All The News That's Left To Print
Well, it has now been a full summer since the last edition of The Patriot, and I have to say that a lot has changed in the world. Iraq is a bastion of peace, the national debt has disappeared, our leaders are as open and honest with us as ever before, and Hell has indeed frozen over.
So what really has been happening over the past few weeks? Obviously, the topic on almost everyone's mind is Hurricane Katrina and the horrific destruction caused by it. Well, everyone, that is, except for some of our supposed leaders. You see, President Bush was still making his regular political appearances while fully aware of the horrors occurring down south. In one photo taken during this time, for example, the President is seen playing a guitar. He was accompanied by Nero on the fiddle.
Many people have criticized the Bush administration for dragging its feet (I don't know if that is possible, though, considering his administration barely had any legs left to begin with) in terms of the relief efforts for Hurricane Katrina. Some critics have even called upon Bush and the rest of his cabinet to go down to New Orleans and try drinking some of the water all of the deprived people down there have had to survive on for days in order to get just a small idea of how horrible the conditions are.
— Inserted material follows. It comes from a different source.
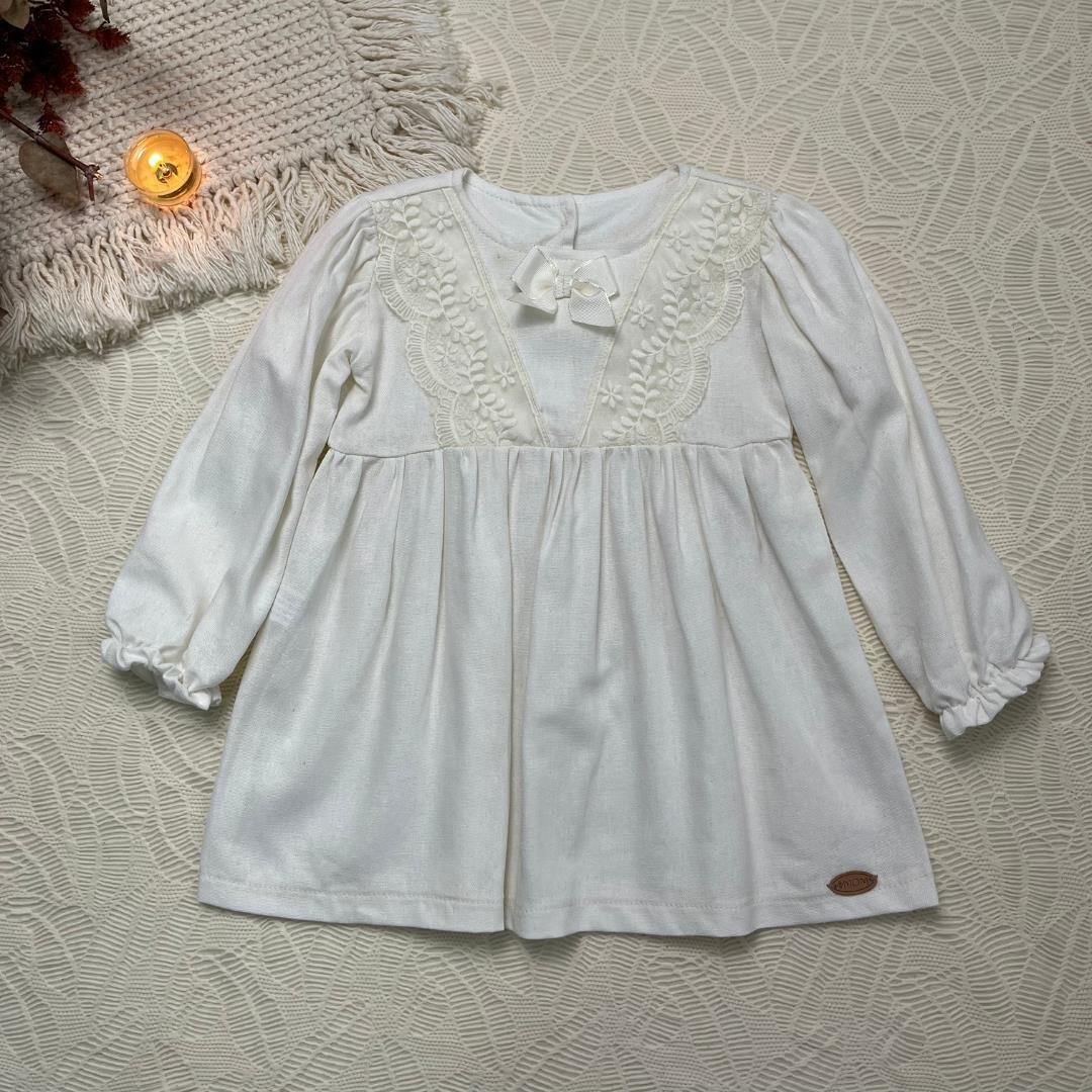 Vestido delicado e atemporal, criado para vestir a infância com leveza, conforto e encanto.Confeccionado em linho misto (55% Linho

Bush has yet to do so, but in his defense, I have a feeling he was banned from drinking in New Orleans during his party days.
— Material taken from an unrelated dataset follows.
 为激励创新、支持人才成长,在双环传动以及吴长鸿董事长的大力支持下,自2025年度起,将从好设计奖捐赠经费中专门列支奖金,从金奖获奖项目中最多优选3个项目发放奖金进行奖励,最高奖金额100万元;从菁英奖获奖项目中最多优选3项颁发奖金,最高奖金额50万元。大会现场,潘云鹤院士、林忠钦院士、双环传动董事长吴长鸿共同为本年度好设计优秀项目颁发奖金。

In a related story, USA Today recently ran a story called "GOP steps up to tee regularly," which stated that a new survey in Golf Digest found that, among Washington's political elite, "Republicans are more likely to play golf than Democrats." I believe the alternative headline for this article was something along the lines of "Most Obvious Results from a Survey Ever."
Governor Arnold Schwarzenegger (R-CA) has declared that he will veto a bill that would have made California the first state to legalize same-sex marriage through its lawmakers. Hey, I guess they don't call him the Terminator for nothing. Seriously, I haven't seen Republicans this afraid of a bill since President Clinton.
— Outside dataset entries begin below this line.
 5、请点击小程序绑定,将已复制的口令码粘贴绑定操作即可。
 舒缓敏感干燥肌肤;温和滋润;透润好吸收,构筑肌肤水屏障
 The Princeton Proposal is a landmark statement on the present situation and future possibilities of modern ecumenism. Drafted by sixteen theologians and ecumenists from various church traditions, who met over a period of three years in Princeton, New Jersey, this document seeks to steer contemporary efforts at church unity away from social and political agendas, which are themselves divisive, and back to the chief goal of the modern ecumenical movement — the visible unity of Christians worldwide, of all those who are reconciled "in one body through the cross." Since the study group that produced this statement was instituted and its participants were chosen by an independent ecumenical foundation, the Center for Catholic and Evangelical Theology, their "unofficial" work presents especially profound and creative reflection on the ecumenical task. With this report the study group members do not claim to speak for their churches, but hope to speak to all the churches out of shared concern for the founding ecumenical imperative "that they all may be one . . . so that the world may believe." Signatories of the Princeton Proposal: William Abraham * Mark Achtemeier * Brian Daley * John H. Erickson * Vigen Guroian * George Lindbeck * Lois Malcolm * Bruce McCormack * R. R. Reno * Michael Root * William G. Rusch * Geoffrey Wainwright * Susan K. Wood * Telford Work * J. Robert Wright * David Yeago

With the passing of Chief Justice William Rehnquist, President Bush will now receive a unique opportunity to appoint at least two Justices to the Supreme Court during his tenure. John Roberts has been nominated to become the next Chief Justice, while it has been stated that the second vacancy will not be immediately filled. That is not a problem for us Democrats, though, since we already have all the criticisms written out for whoever it is. All we need to do is fill in the blank with his or her name. See, I can criticize my own party, too.
How about we lighten up this article a little bit, take a break from politics, and talk sports for a second? If you're like me, you can't wait for the NFL season to start up for another year. Furthermore, if you're like me, you have put off writing this article for too long and have run out of material, so you're resorting to talking about sports to take up space. But that's beside the point.
One NFL game I am particularly interested in watching is the Monday Night Football match-up between the Dallas Cowboys and Washington Redskins…but not for any reasons related to football. Does anyone else get the impression from this game that NFL Commissioner Paul Tagliabue simply wants to recreate some fantasy game he used to play at recess when he was five years old?
Furthermore, I would assume that I am not alone when I say that I find the use of the word "Redskin" as a nickname for a team just a little distasteful. I mean, seriously, what's next? The Micks winning the AFC East? Don't worry Boston baseball fans: I do not find the name "Red Sox" to be offensive. That's just for Yankee fans.
Okay, well that about does it for me this week. One more thing before I go, though. Even though this article is a joke, the annihilation caused by Hurricane Katrina certainly is not. If you can help with the relief efforts in any way, please try and do so immediately.